= Cornelia Müller =

Linguist

Cornelia Müller is a linguist who works on pragmatic features of semantics, particularly metaphors in gesture. She is the Chair for Language Use and Multimodal Communication at Europa-Universität Viadrina Frankfurt (Oder). Müller along with Adam Kendon was a founding editor of Gesture, a peer reviewed journal published since 2001, and is a current member of the editorial board. Müller was also a founding editor of the Gesture Studies monograph series for Benjamins, with Kendon, from 2000–2009. Müller was a program chair for the 4th Conference of the International Society for Gesture Studies (ISGS) in 2010.

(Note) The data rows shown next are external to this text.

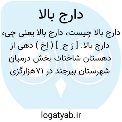 دارج بالا. [ رَ ج ِ ] ( اِخ ) دهی از دهستان زیرکوه بخش قاین شهرستان بیرجند. در 142هزارگزی جنوب خاوری قاین. 27 هزارگزی جنوب شاهرخت. کوهستانی. معتدل و دارای 112 تن سکنه است. آب آن از قنات. محصول آنجا غلات. شغل اهالی زراعت و مالداری است. راه مالرو دارد اهالی همیشه در این محل سکنی دارند. ( از فرهنگ جغرافیایی ایران ج 9 ).
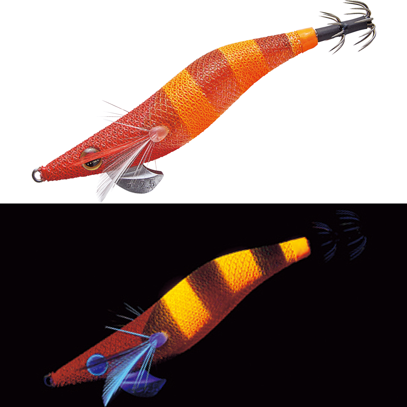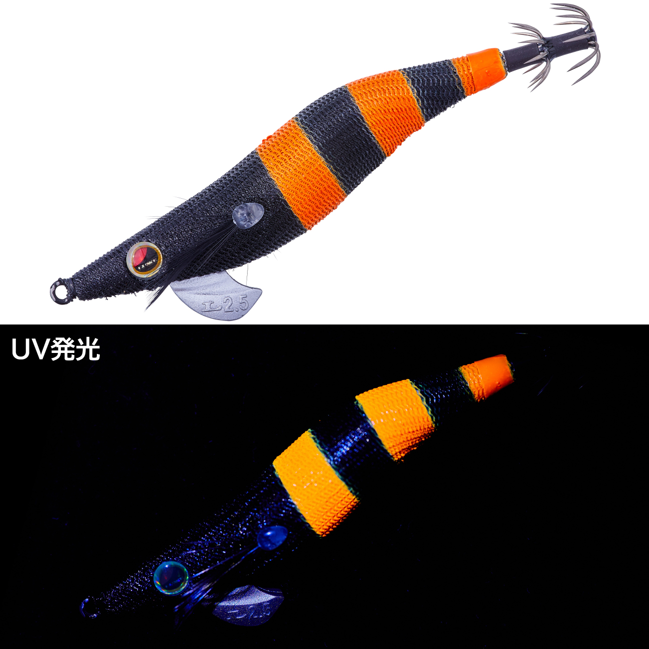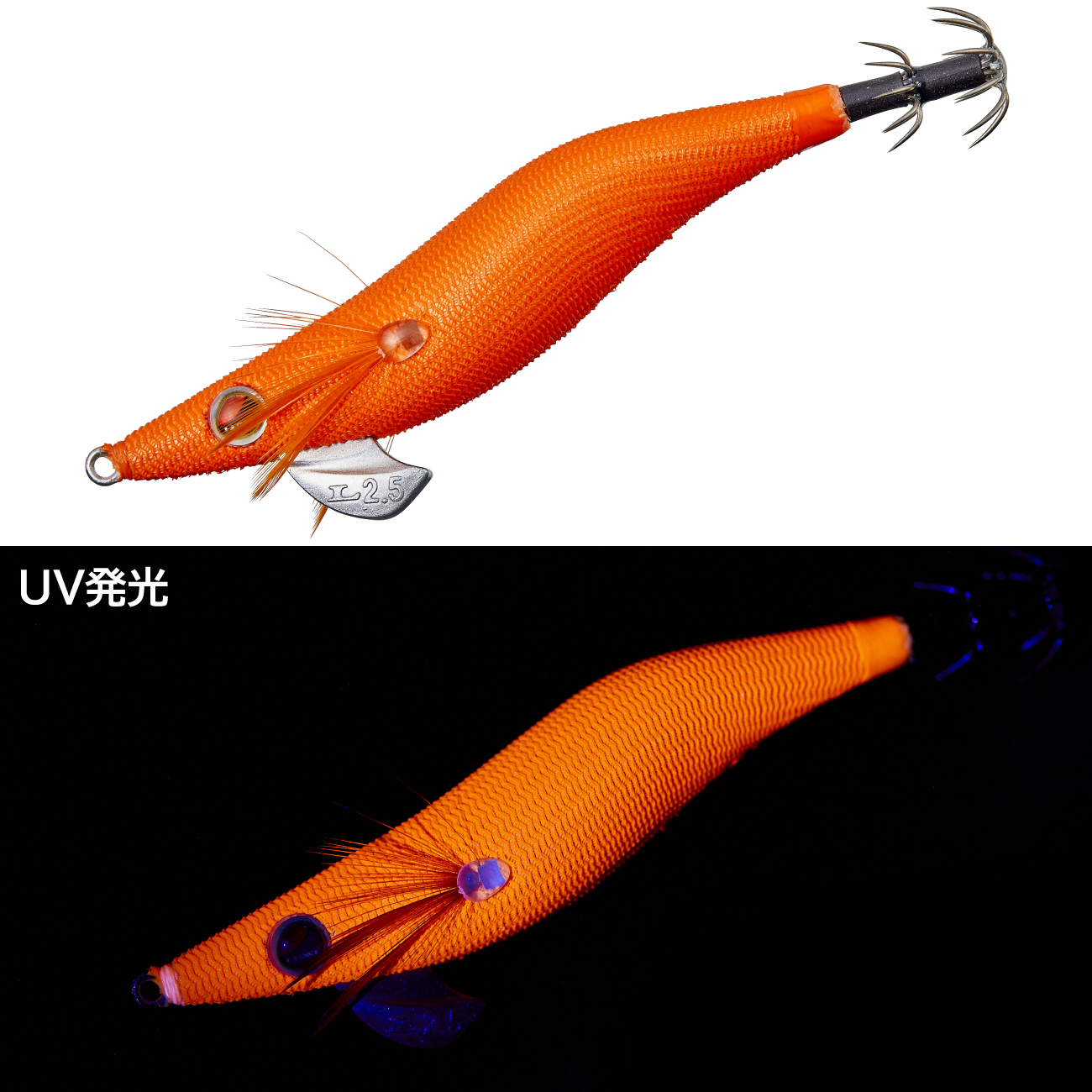 時として爆発的な釣果を叩き出すオレンジ系カラー、その中で最もアピールの強い全面非透過系UV発光カラーです。
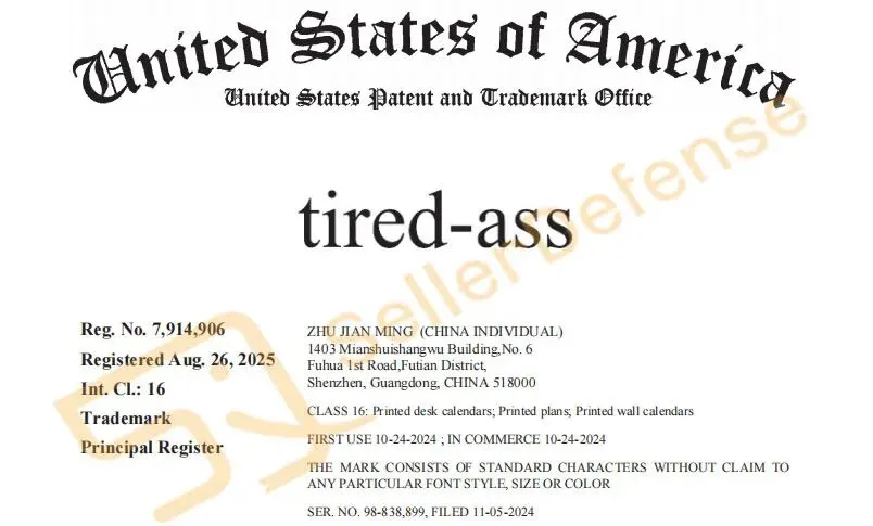 本案为国人原告,案件涉及商标注册在第16类办公用品类。Tired-Ass 是一个美国俚语,带有强烈的感情色彩,意思是疲惫厌烦的。请相关卖家注意排查下架!

== Selected publications ==
- Müller, Cornelia, Alan Cienki, Ellen Fricke, Silva H. Ladewig, David McNeill and Sedinha Teßendorf (eds). 2013. Body – Language – Communication: An International Handbook on Multimodality in Human Interaction, Vol. 1. (Handbooks of Linguistics and Communication Science 38.1.). Berlin/ Boston: De Gruyter Mouton.
- Müller, Cornelia, Alan Cienki, Ellen Fricke, Silva H. Ladewig, David McNeill and Jana Bressem (eds). 2014. Body – Language – Communication: An International Handbook on Multimodality in Human Interaction, Vol. 2. (Handbooks of Linguistics and Communication Science 38.2.). Berlin/ Boston: De Gruyter Mouton.
- Müller, Cornelia. 2008. Metaphors Dead and Alive, Sleeping and Waking. A Dynamic View. Chicago: University of Chicago Press.
- Müller, Cornelia and Roland Posner (eds). 2004. The semantics and pragmatics of everyday gestures. Berlin: Weidler.